Google, Yahoo and Bing are like sharp shooters who choose their own targets, after they've opened fire. Yes, they provide pretty good search returns, apparently. But it is very difficult for us, the users to make a judgement about that. The only way truly to know would be to sift through a few hundred thousand pages of the search returns and then think on it.

Even sifting a thousand pages would help ground our sense of whether Google and its competitors are truly providing good coverage. But we're not going to do that. There is a tool that can, and I've been talking about it recently with the owners

First a word on why it is important. I am increasingly of the view that we are underestimating the significance of  the web as a source of meaning. I mean that romantic-era type of meaning that brings richness into our lives. The web is of course a channel for product sales. But it also has this other function that search engines are vital in supporting - finding information that enriches our personal timeline or history, our understanding of the world around us and  our relationships. This is the forgotten BIG DATA application of the web.

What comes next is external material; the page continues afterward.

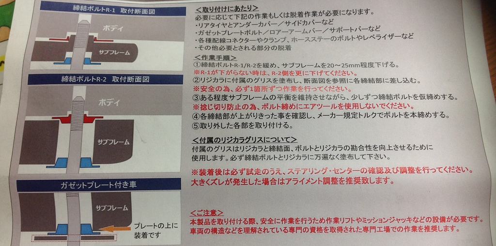※リジカラを取付ける際にメンバーとフレームの位置関係が動く為、ハンドルセンター(トウ)やキャンバーが変化するので、メーカーでも取り付け後のアライメント調整が推奨されております。

If you've ever tried digging deep you might be surprised to find that those  one million, ten million or 200 million returns stop at about page 20.  So in reality we have only about a thousand pages to base a judgement on. Leximancer, a tool that I've used a few times to seek meaning in large text databases, including the web, have developed a tool they call NEEDLZ, which allows you to analyze the full text of search results.

The video below gives you an idea of how it works on large journal databases. Imagine it on Google returns, or Yahoo or Bing. Imagine it too on Forbes or CNN or the BBC. Imagine being able to review  a semantic analysis of thousands of search returns in order to explore meaning beyond Page 1 of the SERPS.

It allows us to make our own decisions about where relevance lies in the full 1,000 returns or the multiple journal articles of PDFs. In other words it takes search back to its primary task - uncovering meaning for us. If I was Yahoo I'd snap it up.